Si l’Europe ne manque pas de festival de photographies, édition après édition, Images Vevey garde sa spécificité, échappant à toute étiquette. Entre festival photo et manifestation d’art contemporain, entre expositions, installations et « entertainment », entre propositions fixes et animées, cette biennale des arts visuels s’impose, avec ses 50 propositions dispersées dans toute la ville de Vevey, comme une forme de spectacle à ciel ouvert qui restitue, et souvent devance, l’évolution des modes de diffusion et de monstration des images aujourd’hui.
L’ambition de nombre de festivals est de défricher une nouvelle génération d’auteurs. Même si chaque cru apporte son lot de découvertes – tel cette année, le Guatémaltèque Juan Brenner qui opère un remarquable travail de mémoire sur les conséquences des expéditions des conquistadors –, le talent de Stefano Stoll, créateur du festival, tient surtout à sa manière de se réapproprier des œuvres fortes, mais déjà bien répertoriées, et d’en donner au public qui déambule une version en adéquation avec le lieu qui l’accueille. Qu’il s’agisse d’un parc, d’une prison désaffectée, d’une église ou des bords du lac Léman. « Je suis décomplexé par rapport à la question de la nouveauté, déclare-t-il. Mon propos est d’offrir une nouvelle manière de montrer des images en plein air et de faire vivre au public une expérience visuelle. »
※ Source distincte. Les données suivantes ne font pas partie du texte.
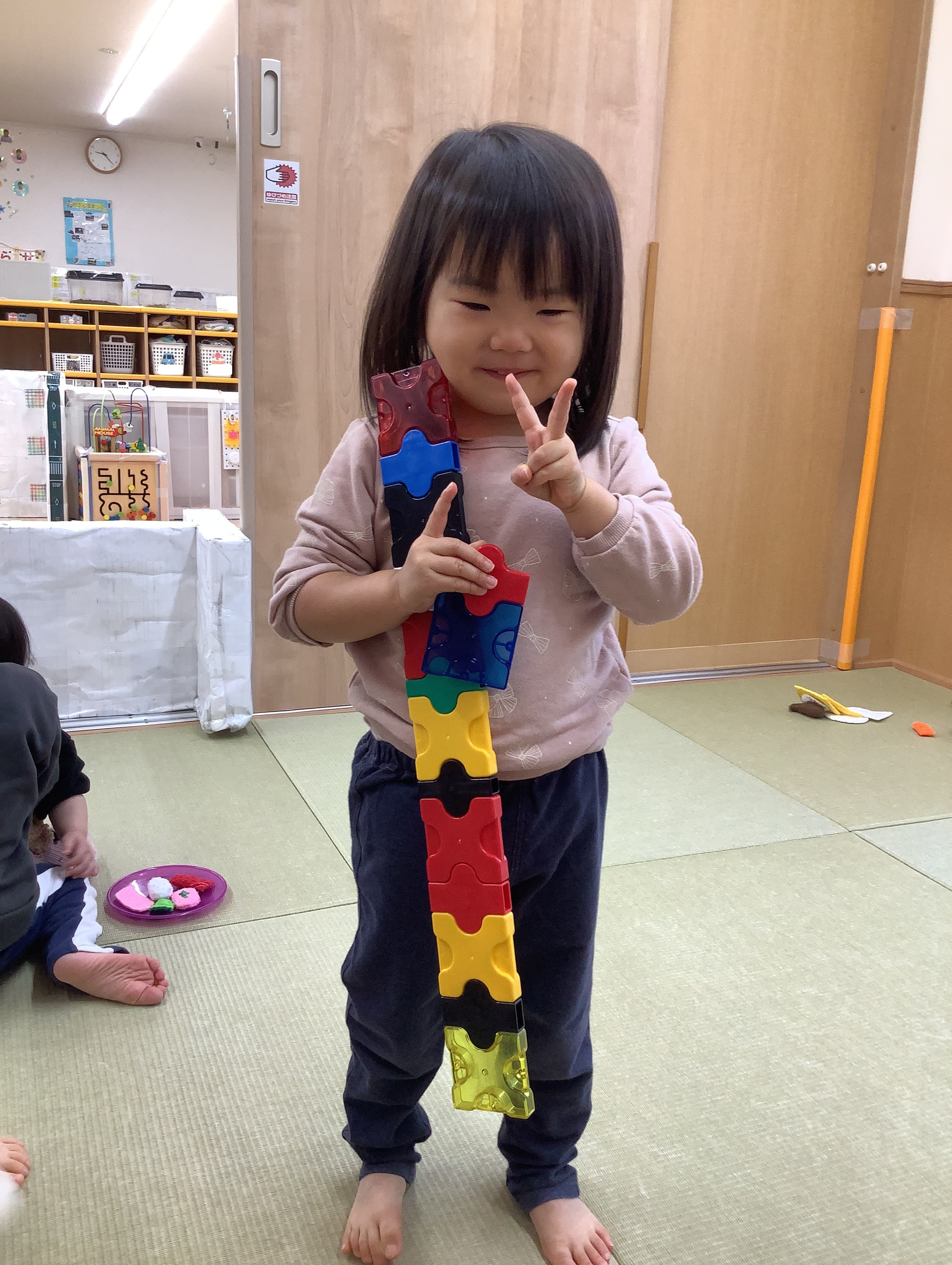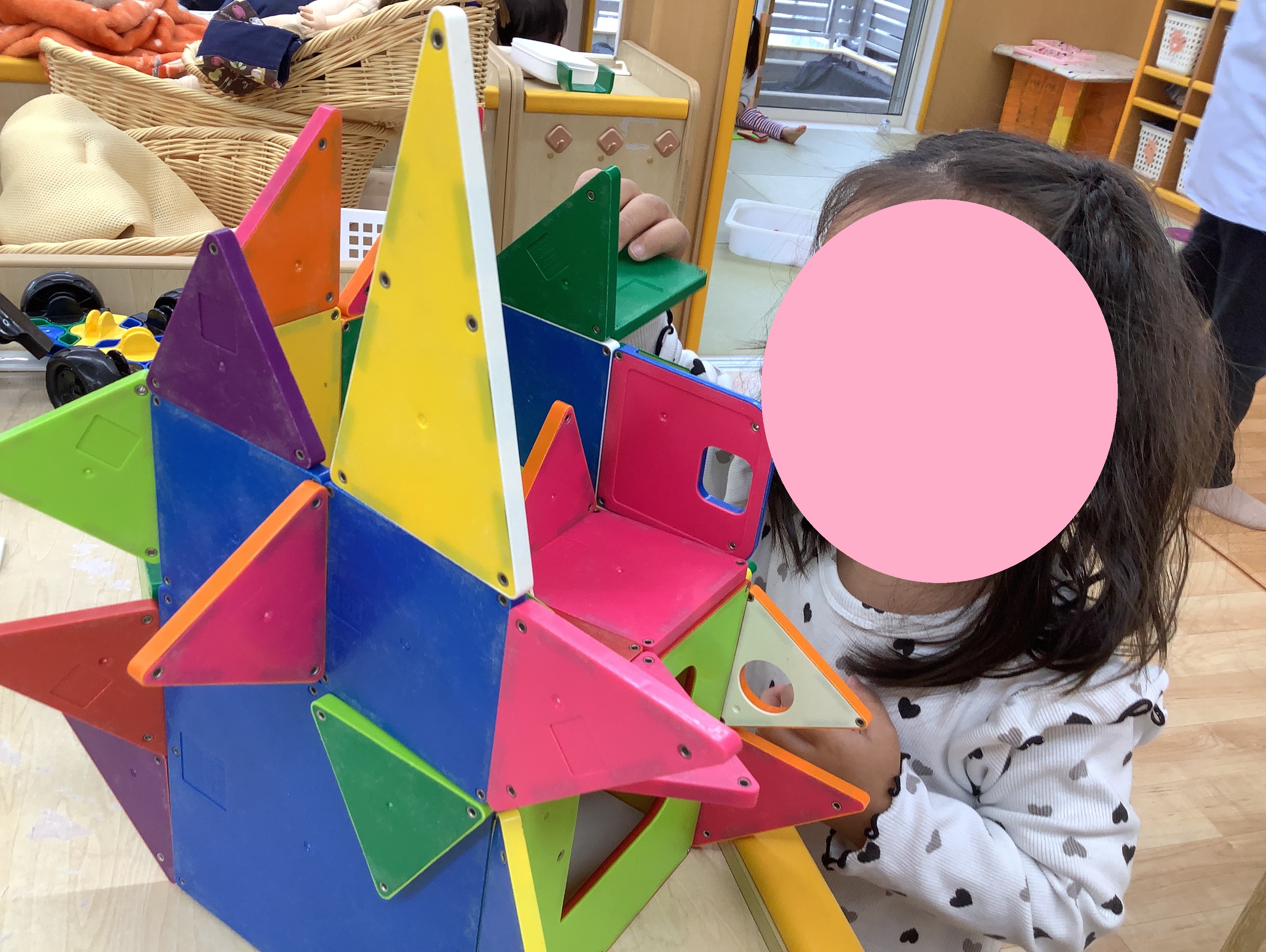 2歳児クラスのパンダ組さんがピタゴラスで『おうち』を作っていました❕

Avec le bagout et l’esprit de conviction qui le caractérisent, Stefano Stoll obtient beaucoup des grandes stars qu’il sollicite. Cette année, Thomas Struth, qui présente quatre photos géantes sur différentes façades de la ville, n’a pas hésité à recadrer l’une d’entre elles de moitié pour accentuer l’effet de saisissement pour les passants. « Je ne lui aurais jamais demandé, c’est lui qui me l’a proposé. », précise Stefano Stoll. Alec Soth, lui non plus, n’avait jamais montré ses images ainsi. Dans l’Appartement, un lieu d’expositions désormais pérenne qu’à ouvert le festival l’an dernier au sein même de la gare de Vevey, il montre les clichés mélancoliques de sa fameuse série « Dog Days,Bogotá » dans un couloir, à hauteur d’enfants. Siân Davey s’est vue elle aussi proposer une nouvelle interprétation de son travail avec un jumelage de deux de ses séries iconiques consacrées à ses deux filles, « Looking for Alice » et « Martha », présentées dos à dos sur de grandes bâches volantes dans le Jardin du Rivage.
« Je laisse aux musées le rôle académique et le soin d’aller en profondeur. D’ailleurs, je considère qu’Images Vevey est un festival de « projets » et non pas d’expositions », explique son directeur. Les musées adhèrent d’ailleurs sans réserve, et les collaborations se multiplient : avec la Fondation Beyeler pour l’installation vidéo monumentale de Matthias Brunner, Sous l’influence de Claude, Vincent, Paul… et les autres qui déploie sur 20 mètres de long les liens entre l’impressionnisme et le cinéma ; avec l’Institut pour la photographie des Hauts-de-France pour la fameuse série sur les détenues de Bettina Rheims ; avec la Maison européenne de la photographie (Paris) pour l’installation poétique autour de Yesterday’s Sandwich de Boris Mikhaïlov.
Riche de son savoir-faire en matière d’expositions et d’installations déjantées, le festival va d’ailleurs développer des événements « pop-up » en partenariat avec des musées et festivals dans le monde. « Nous sommes en discussion avec le festival Kyotographie à Kyoto, avec un nouveau festival à Palerme, avec le musée Galleria d’Italia à Turin… », conclut Stefano Stoll.
Festival Images Vevey, jusqu’au 25 septembre 2022, divers lieux, Vevey, Suisse.